Required action ::
Every line below must be copied as written, except for pictures.

Raw data ::

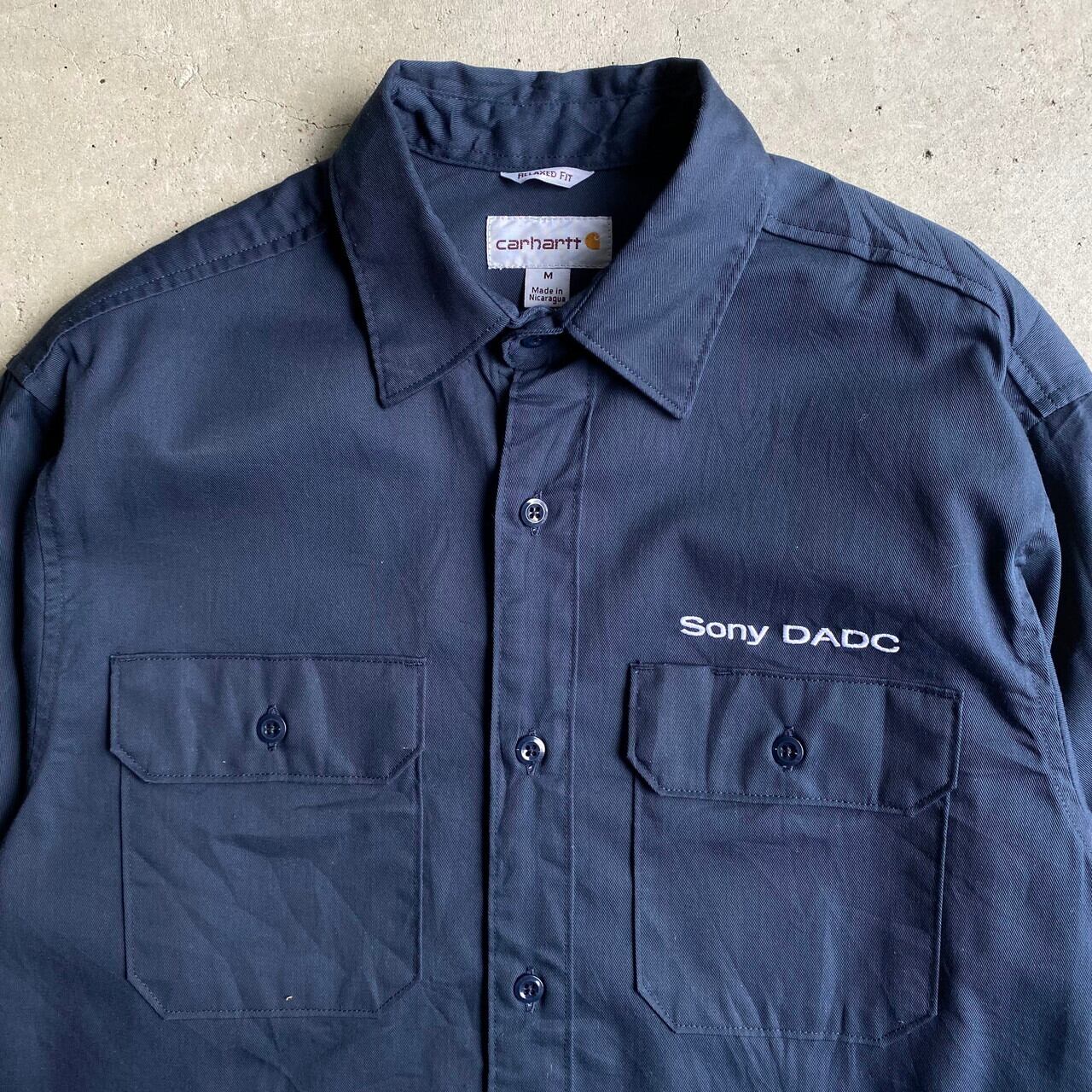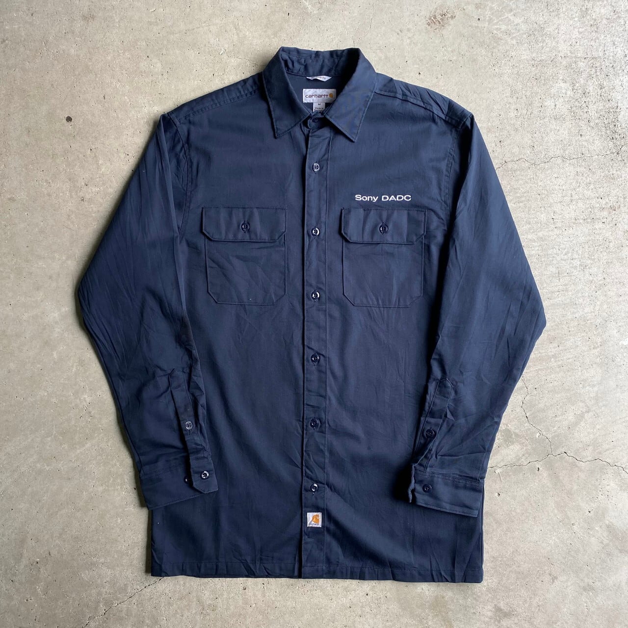 ■Carhartt カーハート 企業ロゴ刺繡 長袖 ワークシャツ RELAXED FIT メンズL相当 古着 ネイビー 紺【長袖シャツ】
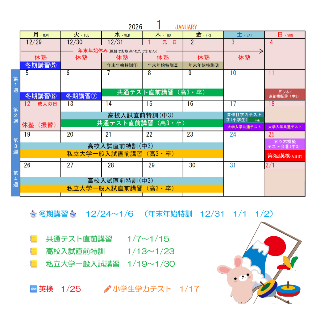 週テスト&組分けテスト会(中学受験コース) 1/10 1/17 1/24
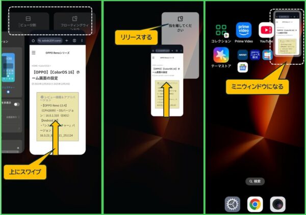 ジェスチャーナビゲーションを採用していて、かつ、そのアプリが「フローティングウィンドウ」機能に対応している場合は、画面下部から上方向にスワイプして「フローティングウィンドウ」⇒「指を離してください」と表示されたときにリリースすると、最小化(ミニウィンドウ)で開くことができます。
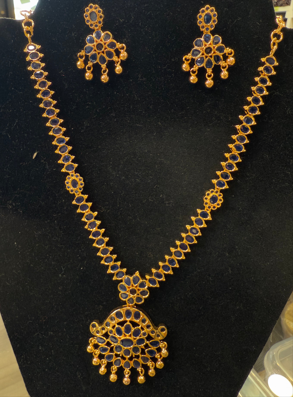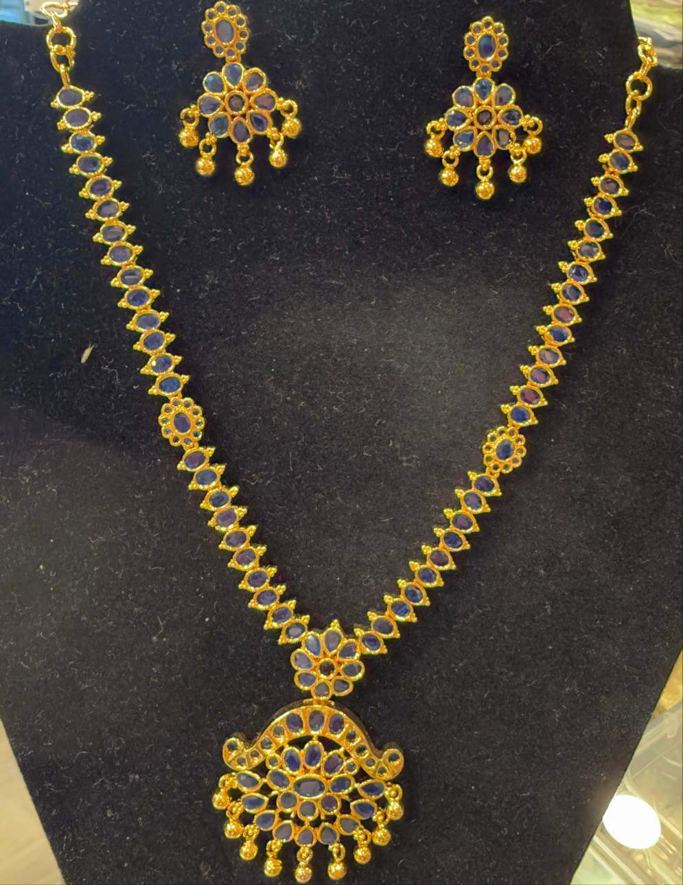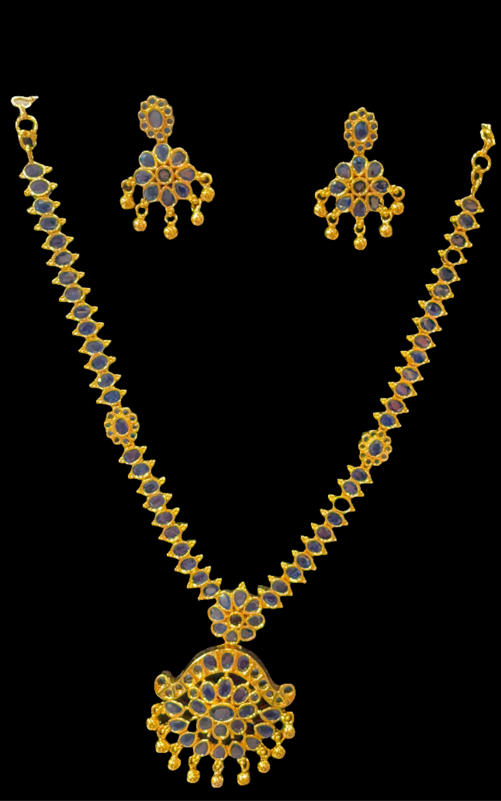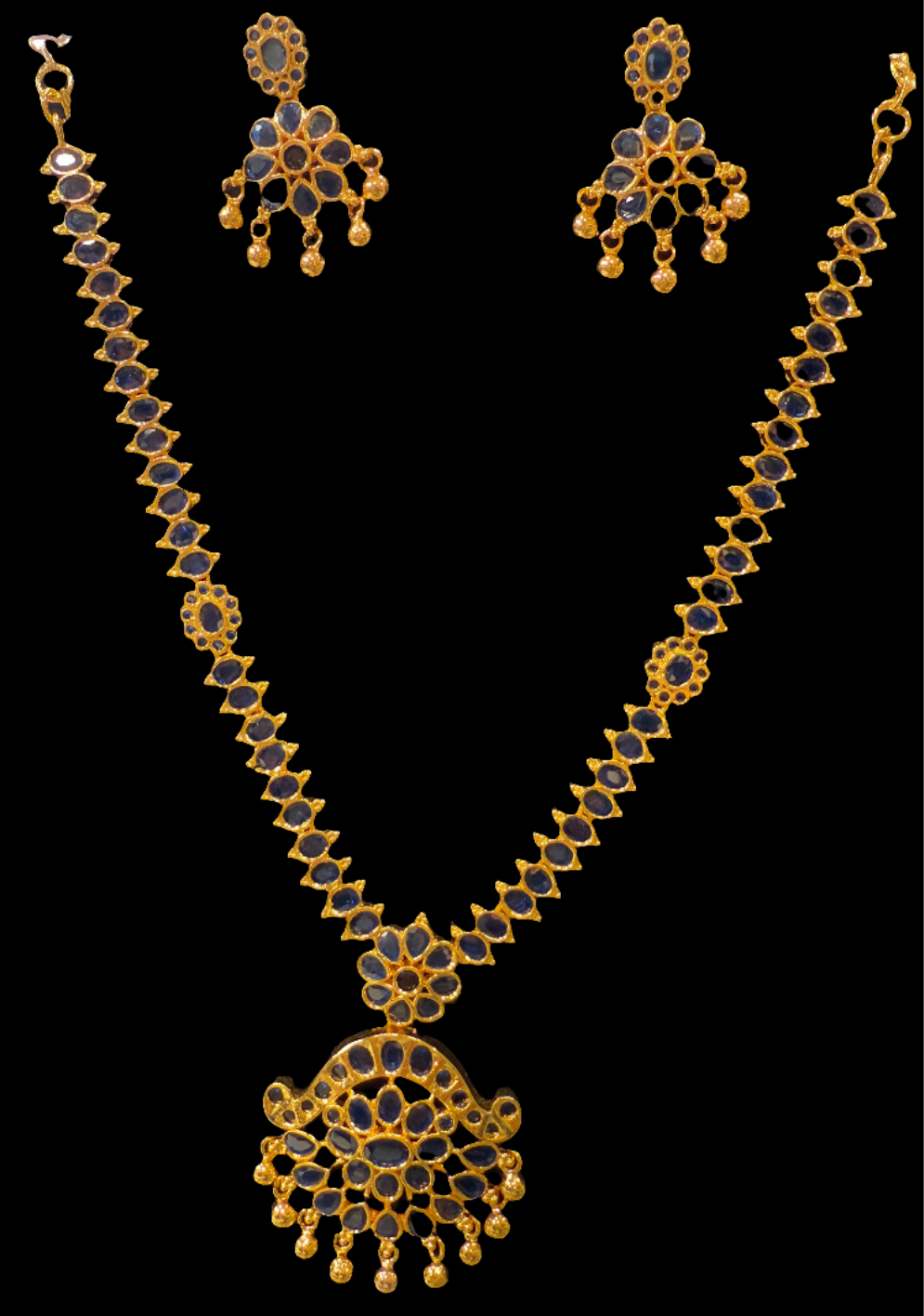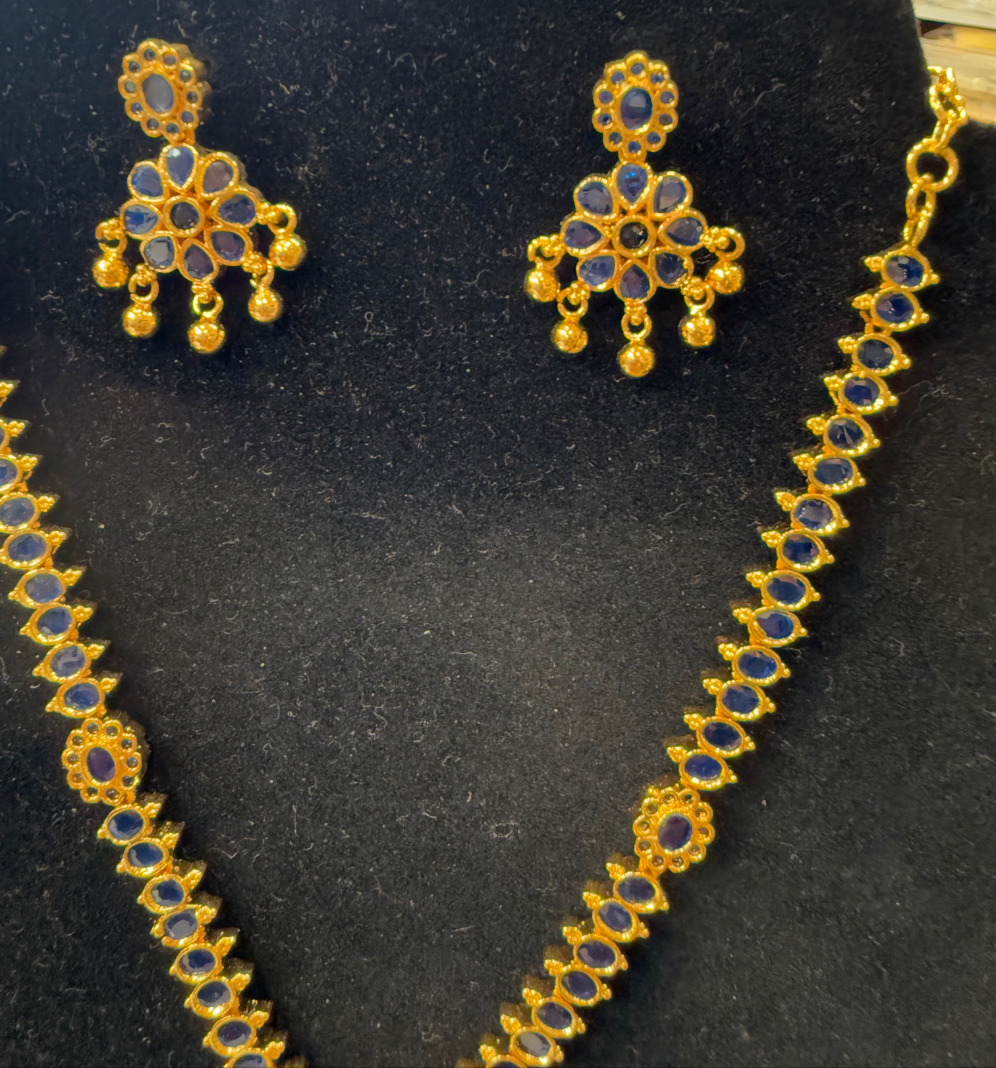 Alluring Gold Plated Navy Blue Color Necklace With Earrings

Answer space ::
 ■Carhartt カーハート 企業ロゴ刺繡 長袖 ワークシャツ RELAXED FIT メンズL相当 古着 ネイビー 紺【長袖シャツ】
 週テスト&組分けテスト会(中学受験コース) 1/10 1/17 1/24
 ジェスチャーナビゲーションを採用していて、かつ、そのアプリが「フローティングウィンドウ」機能に対応している場合は、画面下部から上方向にスワイプして「フローティングウィンドウ」⇒「指を離してください」と表示されたときにリリースすると、最小化(ミニウィンドウ)で開くことができます。
 Alluring Gold Plated Navy Blue Color Necklace With Earrings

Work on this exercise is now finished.